Santa Fe, NM—Did we see the Mother Lode country with its colorful miners living it up, maybe? Or the giant water sluices of Hoover Dam’s power plant?

Any guess about site or scenery is possible at “The Flying Dutchman,” an opera that composer Richard Wagner thought he wrote about seafarers. And about a curse, like a majority of the operas the first week of August here.

So once again (as in “Rusalka”), the revisionist decorators have struck with their zany brainstorms to torpedo—-hey, isn’t that sea-faring, sort of?—-a resplendent vocal outpouring. This was arguably the most memorable of the five-opera Santa Fe Opera season provided you were wearing blindfolds.

Robust male voices worthy of Wagner’s home-field stamping grounds enkindled the production led by bass-baritone Nicholas Brownlee in the title role, giving the entire cast the rock-solid foundation notes of the accursed sea captain. No less impressive was the other—dare I say it?—sea captain Daland, with baritone Morris Robinson, the catalyst to the Dutchman’s introduction to the fair Senta who might lift his curse via betrothal.

Especially adroit was the Senta of soprano Elza van der Heever, growing ever more powerful and compelling as the tragedy was unfolding. This made for an extra element of drama, pacing toward a formidable finale. She never got hoops to jump through, but she did have to clamber on and off a dining room table in a floor-length wedding dress—-clearly the feat of the week.

This most tuneful of all the Wagner operas ranging from tragico-dramatic to folklike sounds, brought out the pit orchestra under the young German Thomas Guggeis. The rafter-ringing opera chorus was at its best, even in carrying out the clumpy sailors’ dance.

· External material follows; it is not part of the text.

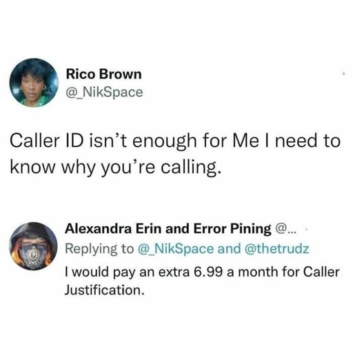 minus-squareCantaloupe@lemmy.fedioasis.cclinkfedilinkarrow-up4arrow-down1·12 hours agoI need you to not fucking call me period. I hate random phone calls.

Bad enough that the Dutchman wore a gaucho hat. The dead sailors of his ship looked more like J. Robert Oppenheimer clones than any Ahab-like crew.

Once this 68th season is past, and the work of Scenic Designer Paul Steinberg working with Director David Alden is laid to rest, perhaps future designers can actually read the scenario and stage directions? Sometimes, there’s good reason for telling it the way intended.

Other oddities: The Steersman got no wheel on the bridge to steer, and the village women’s act-two spinning wheels, all turning in time to the music, are banned as well in this reprise. I rather expected the ladies to be manipulating laptops.